Cutting overseas student numbers will cost UK billions

21 Feb 11
Proposals to restrict entry for overseas university students will cost the UK economy billions of pounds, and all in ‘pursuit of artificial immigration targets’, according to a leading think-tank.

By Lucy Phillips

22 February 2010

Proposals to restrict entry for overseas university students will cost the UK economy billions of pounds, and all in ‘pursuit of artificial immigration targets’, according to a leading think-tank.

An analysis by the Institute for Public Policy Research found that government plans to reduce student immigration would have a short-lived impact on total net migration. It says only a small proportion of overseas students stay in the UK permanently, meaning emigration would also decline in the long term.

The think-tank agrees with attempts by the coalition to crack down on student visa fraud. But it warns that tens of thousands of genuine international students also risk being turned away from British universities, which would have little effect on net immigration in the long run.

It estimates that international students contribute up to £10bn a year to the UK economy through university fees and direct spending. 

The government has pledged to cut annual net migration to the UK ‘from hundreds of thousands to tens of thousands’. It is also consulting on plans to cut visas for non-European Union students who are studying below degree level and to raise their English language requirement.   

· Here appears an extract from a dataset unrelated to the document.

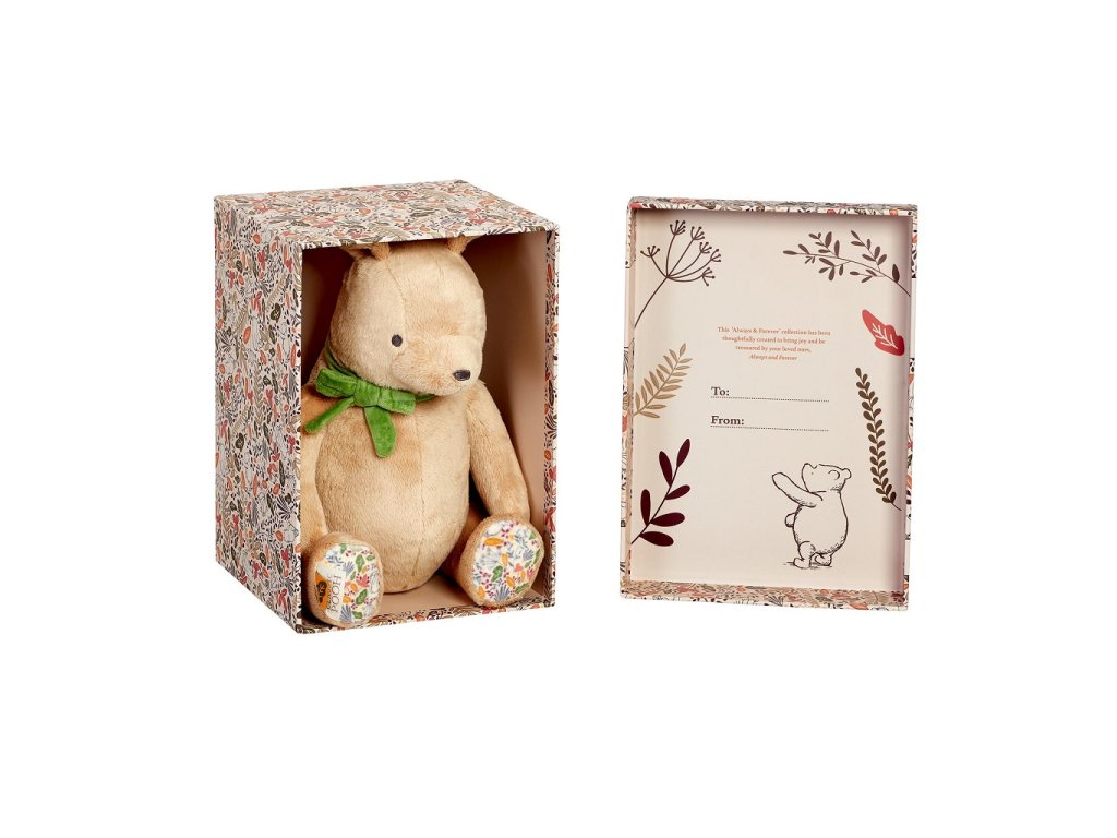 Vytvořte si přátelství, které vydrží na celý život. Tento rozkošný medvídek je perfektním prvním společníkem pro miminko. Klasický plyšák, který oživuje rozmarné vyprávění příběhů A. A. Milne ze stokorcového lesa. Medvídek má kolem krku uvázanou stylovou zelenou šálu s mašličkou a jeho tlapky mají krásný vzor inspirovaný lesem. Medvídek je vyroben ze super měkkých látek a z udržitelných materiálů. Výplně jsou vyrobeny z recyklovaných plastových láhví a recyklované plyšové látky. Roztomilá plyšová hračka Medvídek Pú je dokonalý mazlivý přítel a je i skvělým novorozeneckým dárkem. Dodáváno v krásně ilustrované dárkové krabičce, do které je možné vepsat věnování. Hlavní vlastnosti: vhodné od narozenívyrobeno z udržitelných materiálůnáplně vyrobeny z recyklovaných materiálůperfektní jako dárek pro miminko

Sarah Mulley, associate director at the IPPR, said: ‘The government will not reduce immigration in a big way by tackling student visa cheats. To meet their election pledge, they will have to significantly reduce the number of legitimate students, and their proposals would do just that. This will cause real damage to the education sector and the wider British economy, all in pursuit of an artificial migration target.’

The report Student migration in the UK also warns that universities and colleges would be badly hit by the changes, at a time when funding is already being squeezed. The potential impacts could include job losses, cuts to courses and departments and increased fees for domestic students.